### ACTIVITY
Begin at the line holding "Əlizadə Zərdüşt Məmməd" and set down exactly each line through the last one below, omitting pictures. Include nothing else.

[Records from a data source]
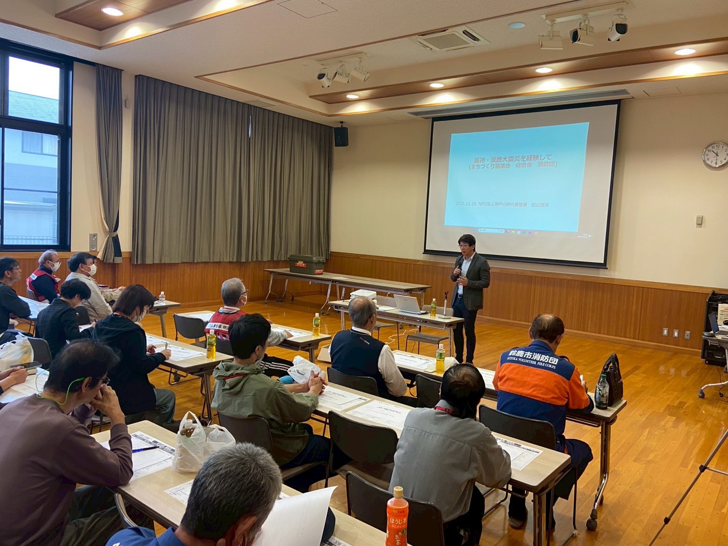 会議の中で防災危機管理課の職員から地震に対する心構えを聞きました。
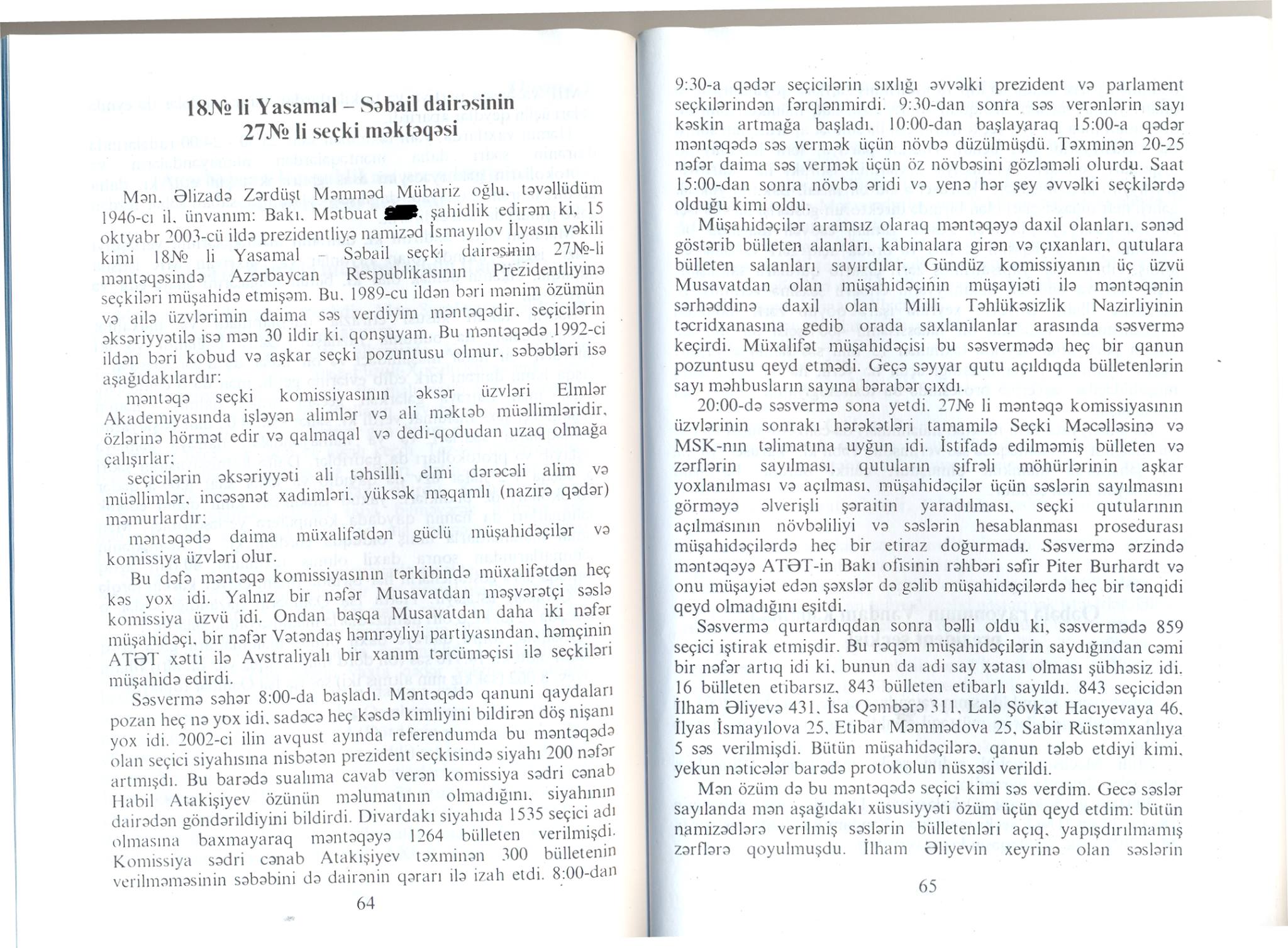 “Mən, Əlizadə Zərdüşt Məmməd Mübariz oğlu, təvəllüdüm 1946-cı il, ünvanım: xxx, şahidlik edirəm ki (!), 15 oktyabr 2003-cü ildə prezidentliyə namizəd İsmayılov İlyasın vəkili kimi 18 N-li Yasamal-Səbail seçki dairəsinin 27 N-li məntəqəsində Azərbaycan Respublikasının Prezidentliyinə seçkiləri müşahidə etmişəm”.
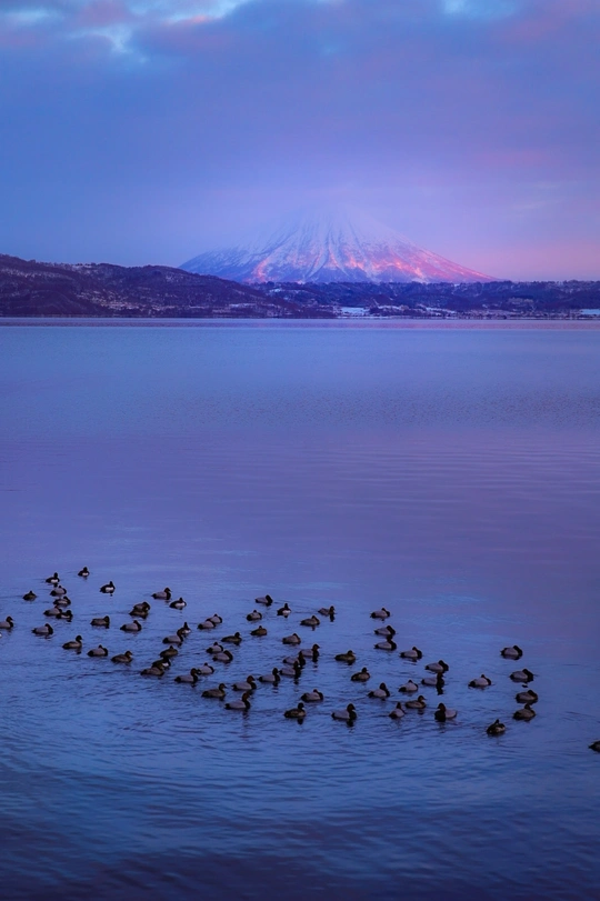 2月2日晨的洞爷湖, 若即若离的粉色晨光 用快门, 将稍瞬即逝的美好永远定格。 不得不说, 日出的羊蹄山太美了。
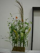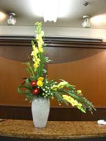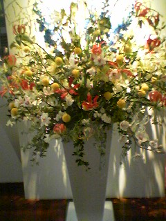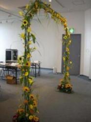 今日はいつも習っている、アカデミーの卒業生の作品展であった。私たちは、会場のディスプレイをさせて頂いた。それが、下写真のひまわりのアーチです。みなさん素敵な作品ばかりで、私たちも来年このような作品展ができるのかとっても不安になりました。その作品展の帰りに、いけばな展をしていたので立ち寄った作品は、また少し和の臭いがして趣があった。アーチといけばな展 素敵な作品ばかりですので、UPしますので、ご覧下さい。
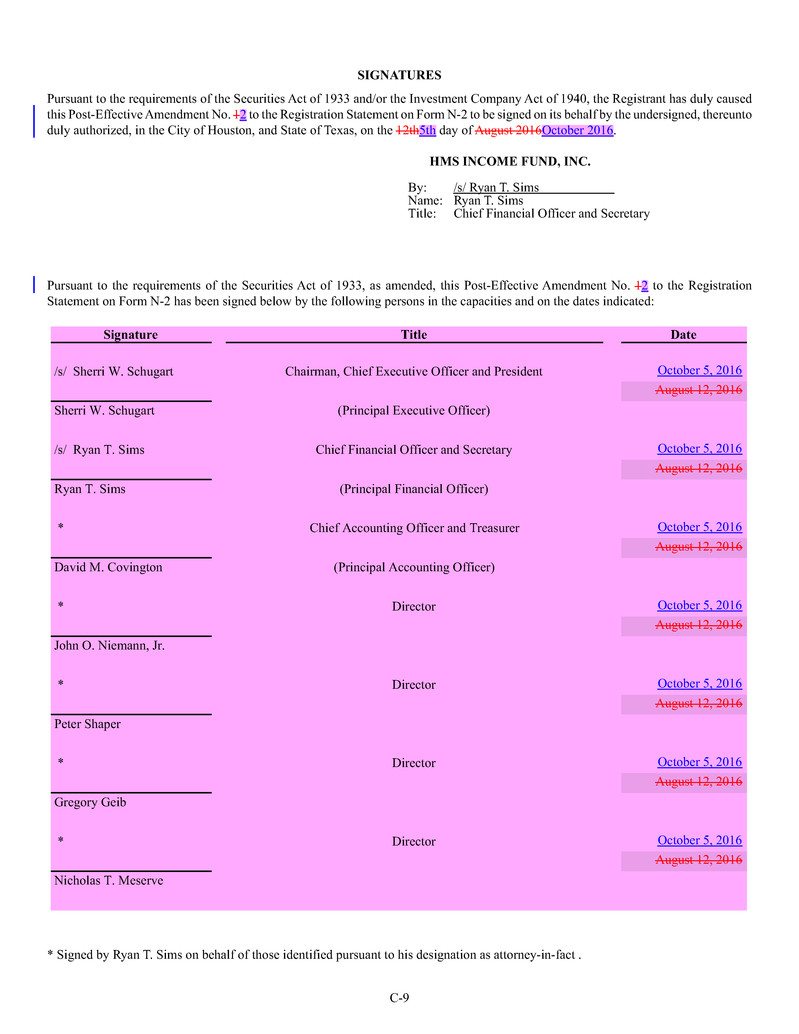 Statement on Form N-2 has been signed below by the following persons in the capacities and on the dates indicated:
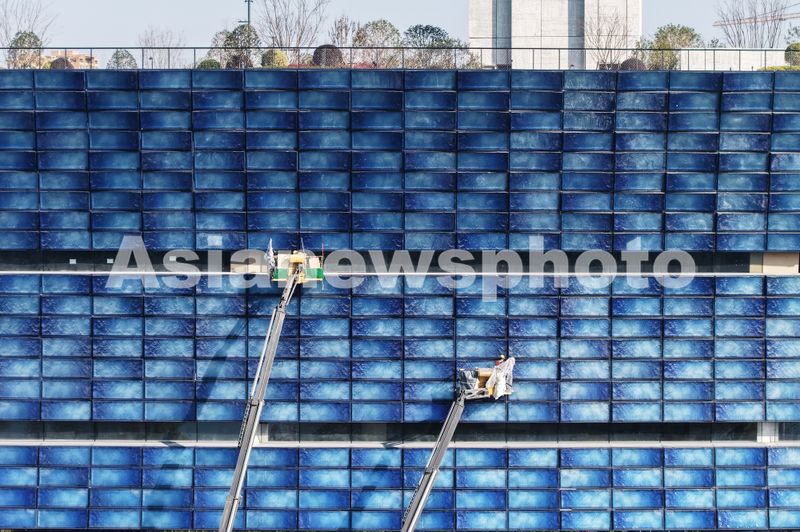 2026年1月7日,工人对中国京杭大运河博物院外立面蓝色琉璃幕墙铺设进行固定作业。

### YOUR RESPONSE
 “Mən, Əlizadə Zərdüşt Məmməd Mübariz oğlu, təvəllüdüm 1946-cı il, ünvanım: xxx, şahidlik edirəm ki (!), 15 oktyabr 2003-cü ildə prezidentliyə namizəd İsmayılov İlyasın vəkili kimi 18 N-li Yasamal-Səbail seçki dairəsinin 27 N-li məntəqəsində Azərbaycan Respublikasının Prezidentliyinə seçkiləri müşahidə etmişəm”.
 2月2日晨的洞爷湖, 若即若离的粉色晨光 用快门, 将稍瞬即逝的美好永远定格。 不得不说, 日出的羊蹄山太美了。
 今日はいつも習っている、アカデミーの卒業生の作品展であった。私たちは、会場のディスプレイをさせて頂いた。それが、下写真のひまわりのアーチです。みなさん素敵な作品ばかりで、私たちも来年このような作品展ができるのかとっても不安になりました。その作品展の帰りに、いけばな展をしていたので立ち寄った作品は、また少し和の臭いがして趣があった。アーチといけばな展 素敵な作品ばかりですので、UPしますので、ご覧下さい。
 Statement on Form N-2 has been signed below by the following persons in the capacities and on the dates indicated:
 2026年1月7日,工人对中国京杭大运河博物院外立面蓝色琉璃幕墙铺设进行固定作业。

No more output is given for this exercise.